# Claim: Google-Extended and Applebot-Extended are opt-out tokens that exist only as lines in a publisher's robots.txt policy — the request that actually fetches the page still arrives labeled as an ordinary Googlebot or Applebot crawl, so a publisher who opts training content out has no log line proving the opt-out was honored.

**Current badge:** caveat
**In notebook:** [The agent-access control plane: how publishers meter, gate, and audit AI when robots.txt fails](/notebook/publisher-agent-access-control-plane)

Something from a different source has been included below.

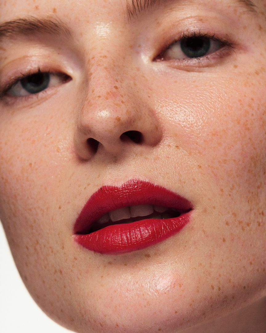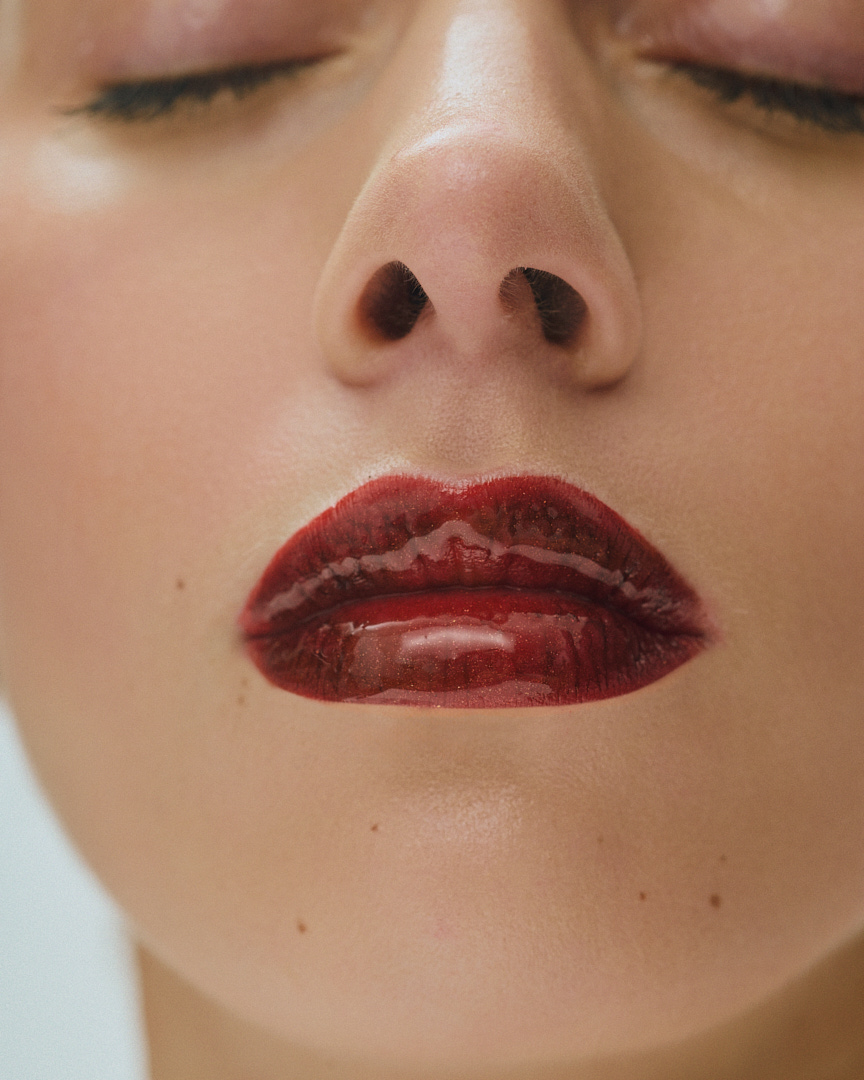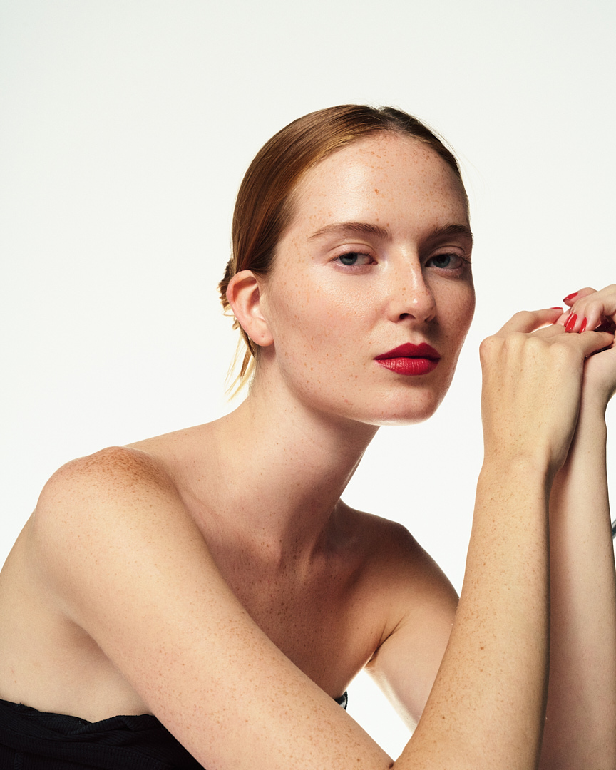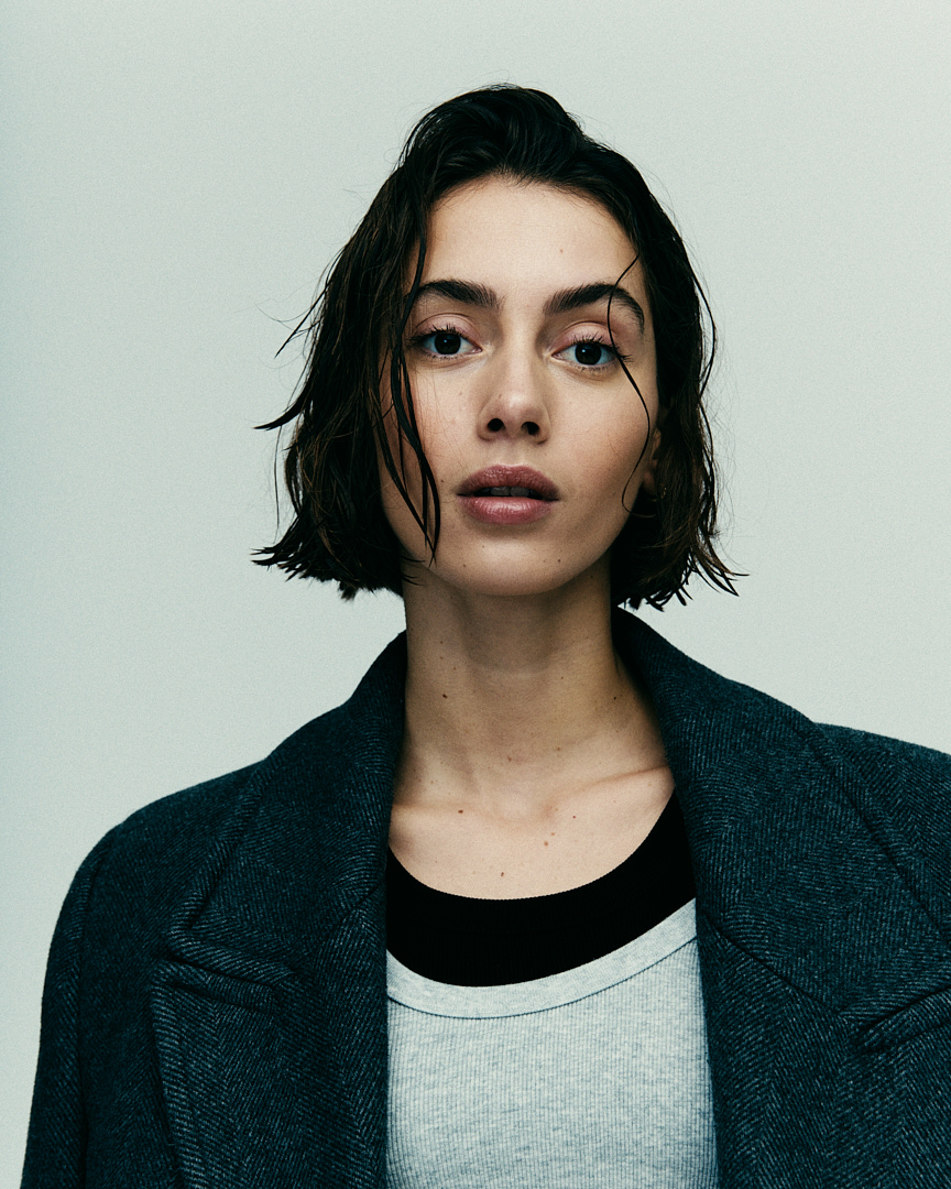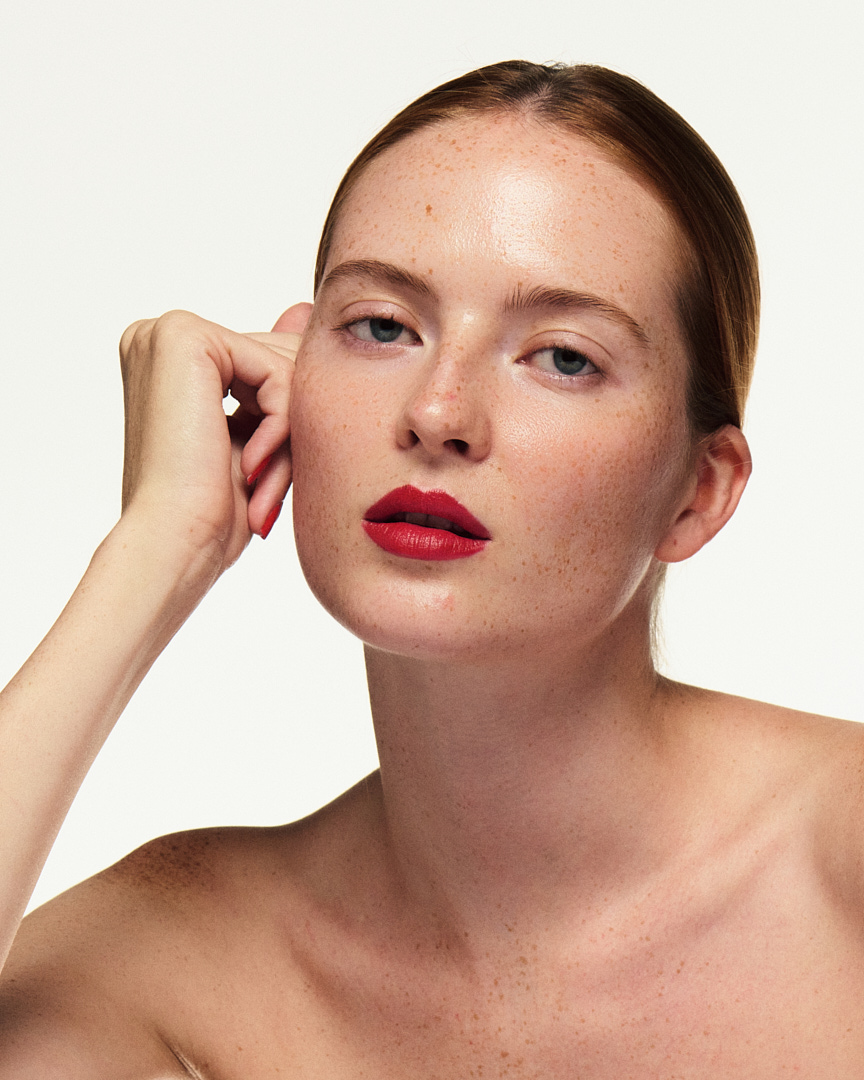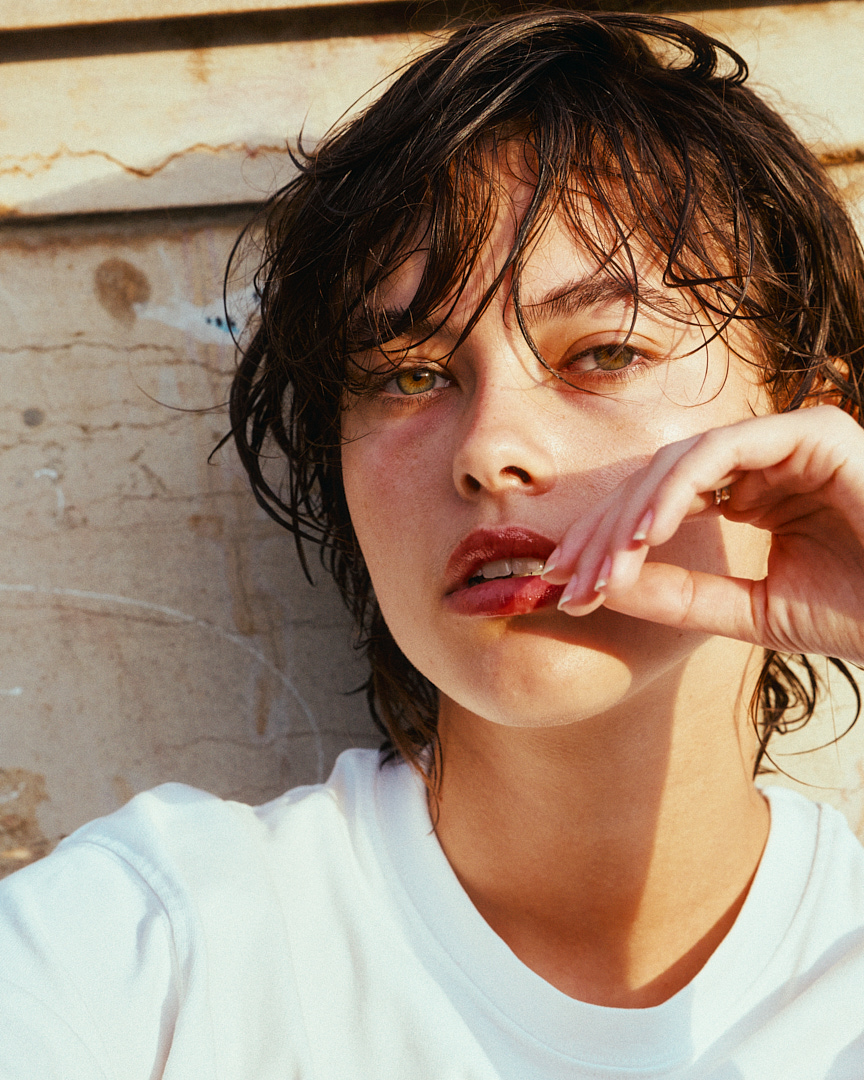 Close-up portrait of a person with dark skin and short hair against a plain light background
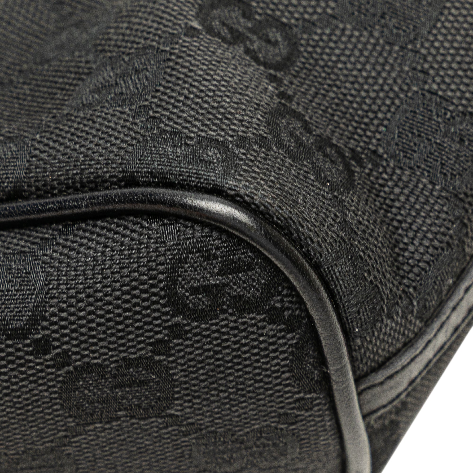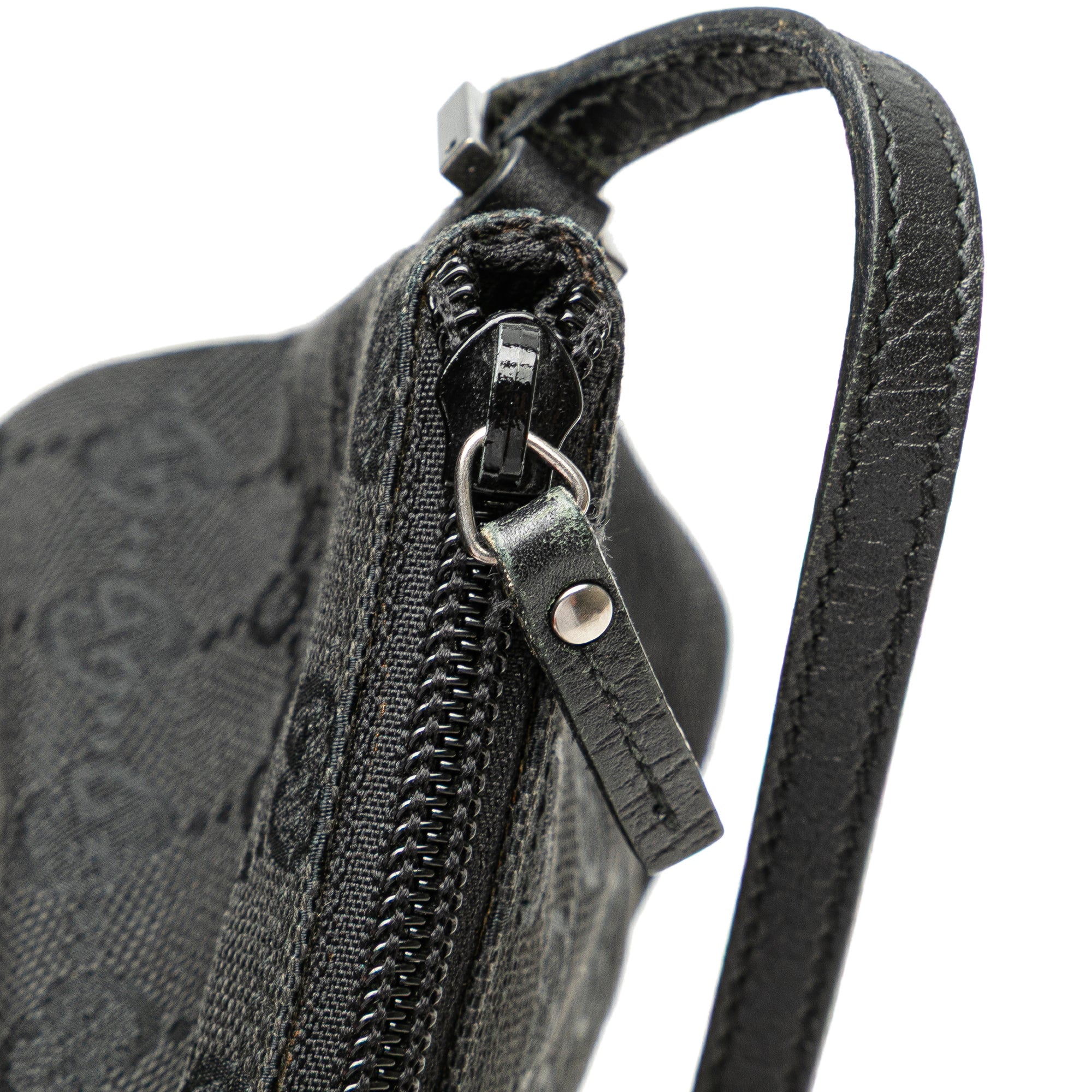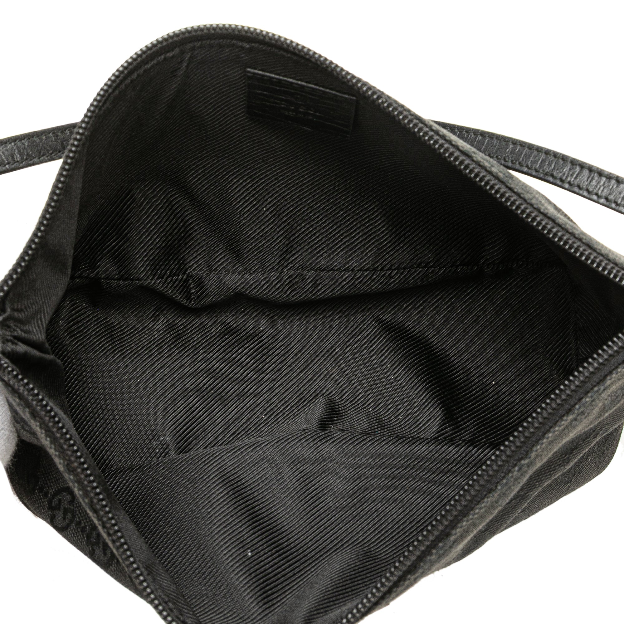 This shoulder bag features a canvas body with leather trim, a flat leather strap, and a top zip closure. Retail Price: 675.00

A February 2026 crawler reference guide notes it had previously misdescribed these tokens itself, and a separate write-up on Google's fetcher taxonomy confirms the same split between the policy layer (robots.txt) and the traffic layer (the actual HTTP request). The gap sits exactly where the existing claim about robots.txt's rising bypass rate (`robots-txt-failing-as-a-gate`) already pointed: even AI systems that nominally comply with an opt-out give the publisher no way to verify compliance from their own logs.

## Provenance history (how this claim ripened)
- `2026-07-01` **asserted as caveat** — New claim: sharpens the existing robots.txt-bypass-rate finding into a specific verification gap — opt-out tokens are policy-layer only, with no corresponding traffic-layer signal a publisher can check.